When I try to understand people's behavior, I find it useful to think holistically. Humans are immensely complex, and aspects of our lives that seem unrelated can often be subtly intertwined.
It was with this thought in mind that I was thinking today about a loose trend I've noticed of people increasingly making bizarre, reckless, or self-defeating decisions in all sorts of different contexts. And I realized that we (the west, at least) are in a place right now of massive cognitive dissonance due to COVID on a scale we haven't seen since at least the last pandemic. By any objective measure, it's profoundly unsafe to even approximate pre-pandemic life; but doing so has also become the unquestioned norm for the majority of people.
This is unavoidably going to have an effect on our mass psyche.

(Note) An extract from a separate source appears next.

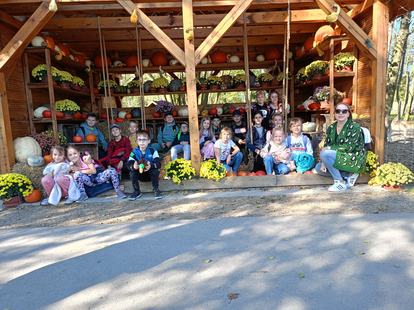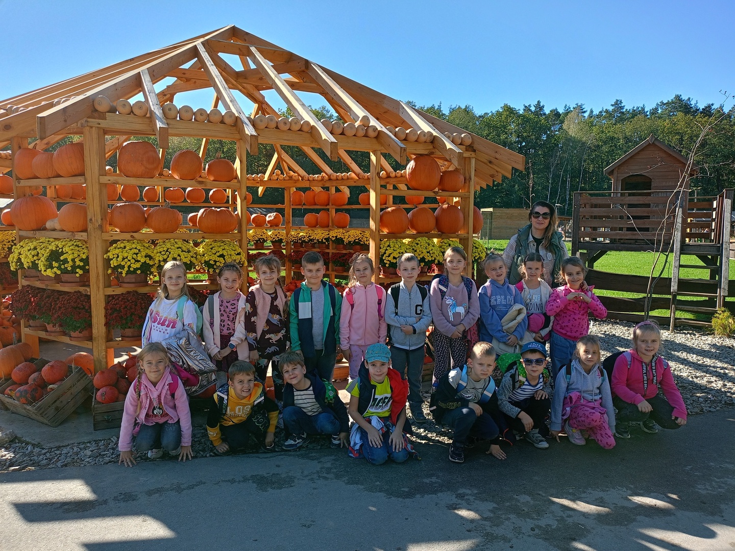 W dniu 10 października 2024 roku klasy 1b i 2a pod opieką pań Magdaleny Białas, Anny Lewandowskiej i Alicji Psut pojechały na wycieczkę do "Dobronianki". Jest to obiekt agroturystyczny, w którym można aktywnie odpocząć, poobcować z naturą i miło spędzić czas z przyjaciółmi. Pogoda dopisała wyśmienicie. Wizytę rozpoczęliśmy od zwiedzania zoo, zobaczyliśmy wiele gatunków zwierząt, karmiliśmy marchewką wielbłądy i lamy. Następnie zrelaksowaliśmy się przy ognisku z kiełbaskami. Na koniec uczestniczyliśmy w warsztatch i ozdabialiśmy dynie, które staną się naszą jesienną dekoracją.

I imagine we'll need to wait at least a decade to start to understand the full ramifications of, but I think it's fair to surmise that some amount of the day-to-day nuttiness we see around us is driven by people living a life that simply doesn't make sense but which they can't really imagine an alternative to.
Side note: I want to acknowledge that pervasive cognitive dissonance is and has always been the status quo of life under capitalism for many well-documented reasons. But much of that cognitive dissonance is around the treatment of other people, which for better or for worse can be fairly easily resolved by just imagining the other as non-human and thus devoid of moral worth. COVID focuses the same level of harm-worship onto people's own lives which is much harder to wave away with knee-jerk tribalism.